June 17, 2024
Coalition home affairs spokesman James Paterson has declared Chinese cyberattacks and meddling in Australian institutions had "never been more prolific", as top intelligence officials raise fears about state-sponsored hacking group Volt Typhoon.
As Labor spruiked a stabilised relationship with China previously harmed by the Morrison government's aggressive rhetoric, Paterson said Volt Typhoon had been targeting Australian power, water and transport networks "for the purpose of future sabotage". Australian officials held deep concerns about Volt Typhoon because intelligence suggested the group was "prepositioning for the purposes of disruptive impact" including sabotage, according to Abigail Bradshaw, head of the Cyber Security Centre at the Australian Signals Directorate.
Bradshaw made the previously unreported remarks at a Senate estimates hearing this month alongside directorate chief Rachel Noble, who said China's "voracious" appetite to spy on MPs and other highprofile Australians was "growing in its scale".
The opposition questioned Labor's "disagree where we must" approach to Chinese relations on day one of Premier Li Qiang's Australian visit, as the government insisted deft diplomacy did not equate to "kowtowing".

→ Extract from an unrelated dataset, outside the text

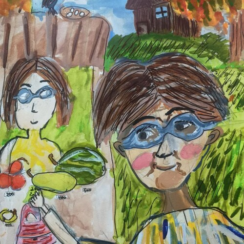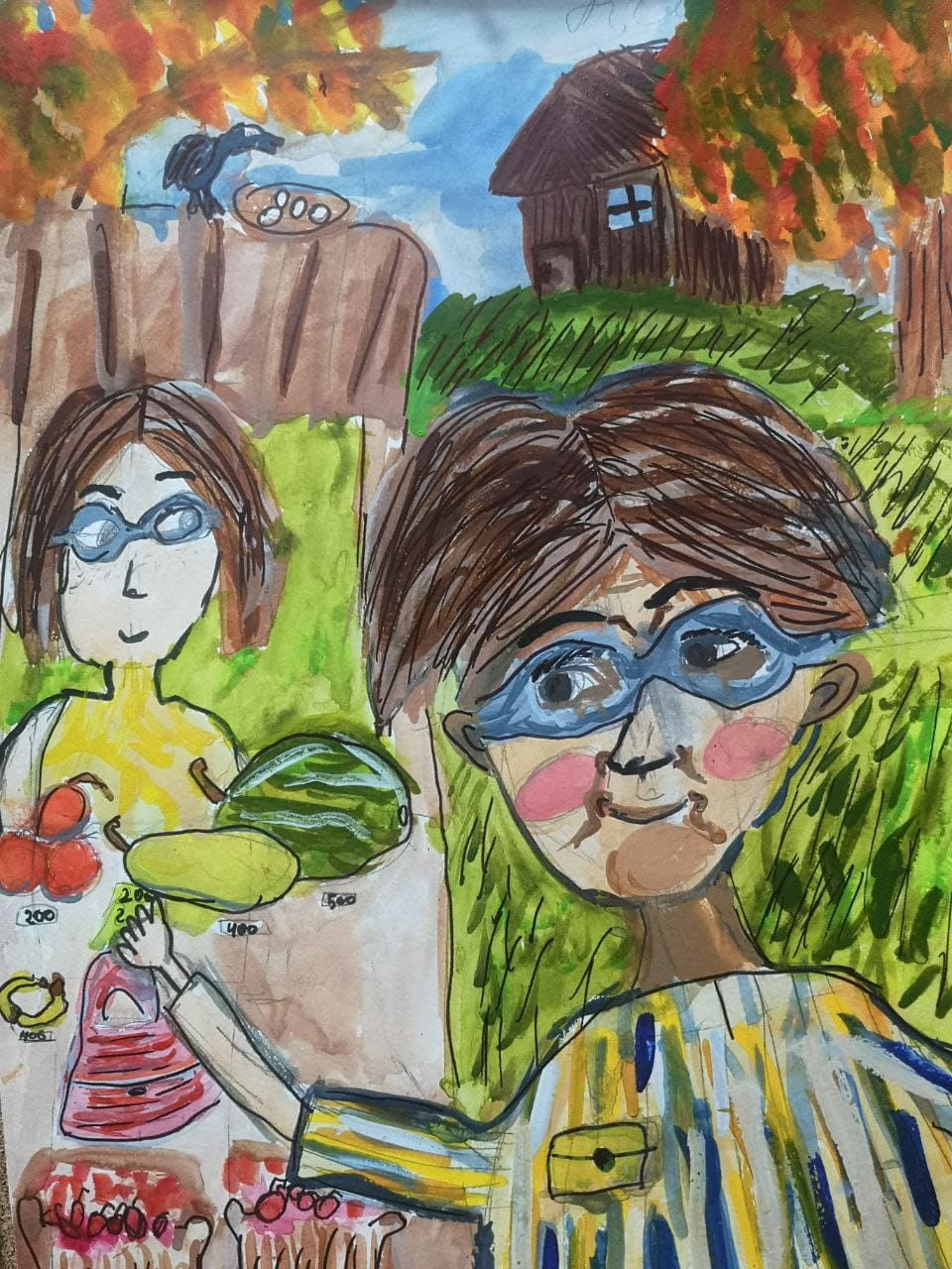В рисунках можно увидеть бабушку за вязанием или на рынке, как она покупает ягоды для своих любимых внуков, или как бабушка с дедушкой прогуливаются по городской набережной реки Томи, как хлопочет по хозяйству или сидит рядышком с дедушкой.

"It's up to the prime minister to explain how you can have a stable relationship with an authoritarian power that is determined to threaten our critical infrastructure assets, interfere in our democracy and intimidate Australian citizens into silence," Paterson said.
The criticism from Paterson, who receives high-level briefings on parliament's intelligence and security committee, reflects unease in some sections of the Coalition and intelligence establishment about Labor's posture towards China given recent aggressive behaviour towards Australian military personnel, signals on the invasion of Taiwan, and the suspended death sentence handed to Chinese-Australian writer Yang Hengjun.
Highlighting the sensitivity of politicising relations with the rising superpower, Opposition Leader Peter Dutton declined to attack Labor when asked about the first visit by a Chinese premier in seven years. "The short answer is no," Dutton said on Sky News when asked if he would "shirtfront" the premier in his meeting today.
"To be good friends, you need to have an honest relationship where there are concerns, and there'll be concerns that the Chinese have that they'll want to raise with us as well."
James Laurenceson of the University of Technology Sydney's Australia-China Relations Institute said China hawks like Paterson were right to call out foreign interference but failed to grasp that "China isn't just about foreign interference or military threats".
"They are also about trade, family and friendship ties, and global challenges like climate change. And the way you manage all that is through calm and professional diplomacy of the type being shown during Premier Li's visit," he said.
But Mike Pezzullo, the former secretary of the Home Affairs department, advised caution. "Abstractions (such as 'stabilised relations' and 'disagree where we must') have become the framing references for our China policy," he wrote in a recent article for pro-US think tank the Australian Strategic Policy Institute.